I only know a certain portion of that world, but for example Jane Street has done quite a lot for Ocaml, Bloomberg has released some useful things including for languages, Morgan Stanley has supported Scala, I have supported in a small way some things for D and will be releasing a working Bloomberg API soon.  Don't look for innovation to come from the banks because they have had other things to deal with, but even there there is the beginning of a broader change in mindset.

EMSI are in econ not quite finance and they released containers.

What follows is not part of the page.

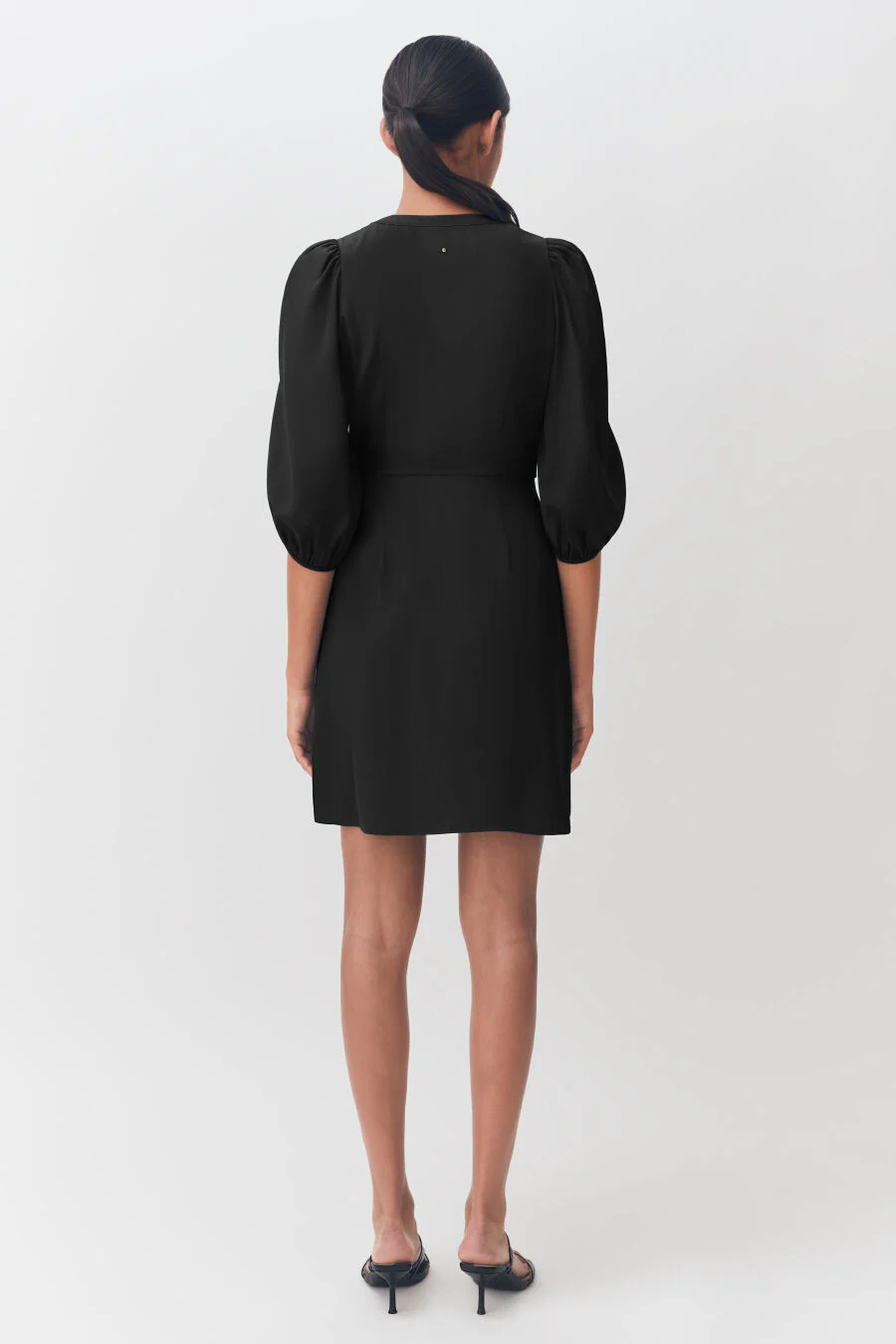 A modern reimagination of the classic wrap dress for your seasonal outings, cut in a sensual mini length in an easy wrap silhouette.

Finance is just one more industry, but it's quite a pragmatic one and still has a decent share of global IT spending.

June 07, 2016
On Tuesday, 7 June 2016 at 08:57:36 UTC, Ola Fosheim Grøstad wrote:
> On Tuesday, 7 June 2016 at 08:45:14 UTC, ketmar wrote:
>> never seen "this language is used in banking" to be used as the main reason for choosing one language over another (outside the banking, of course ;-).
>
> True, positioning yourself as a toolmaker for banking/finance is basically saying it is arcane and slow-moving (like Cobol and Java).
>

I shall try to respect Andrei's advice, but really!  Hahahaha!
June 07, 2016
On Tue, 2016-06-07 at 08:41 +0000, Ola Fosheim Grøstad via Digitalmars- d wrote:
> On Tuesday, 7 June 2016 at 08:31:09 UTC, Russel Winder wrote:
> > Financial organizations generally want all their language infrastructure for free (GCC, Python, Eclipse) anything they write themselves is treated as asset and so theirs not for anyone else.
> 
> So basically no advantage in having them use your tools?

From my experience as a trainer in those organizations… no.

> > That leads to them using Java, Scala, C++, C# and Python. Which they do.
> 
> How does that benefit C++ if they never contribute anything?

It doesn't.

As a counter-point to the "downer" on financial institutions and contributing back, it perhaps should be noted that Goldman Sachs did release their Java data structures framework as FOSS, but I think it hasn't gained much traction. Also there is Jane Street Capital's contributions to OCaml.

However, in the main, financial institutions do not like giving back.

Where there is some giving back is organizations that work with the financial institutions. Python has a number of organizations contributing to Python and library development who get their income by training or consulting to financial institutions.


-- 
Russel. ============================================================================= Dr Russel Winder      t: +44 20 7585 2200   voip: sip:russel.winder@ekiga.net 41 Buckmaster Road    m: +44 7770 465 077   xmpp: russel@winder.org.uk London SW11 1EN, UK   w: www.russel.org.uk  skype: russel_winder

June 07, 2016
On Tue, 2016-06-07 at 08:45 +0000, ketmar via Digitalmars-d wrote:
> […]
> 
> so let 'em use those languages. they will not return anything, thus i see no reason to care about their bussiness needs. i've never seen "this language is used in banking" to be used as the main reason for choosing one language over another (outside the banking, of course ;-).
> 
> if they want to contribute and support their contribution — great, they can. but if they want somebody to do the work for 'em for free... two words, seven letters.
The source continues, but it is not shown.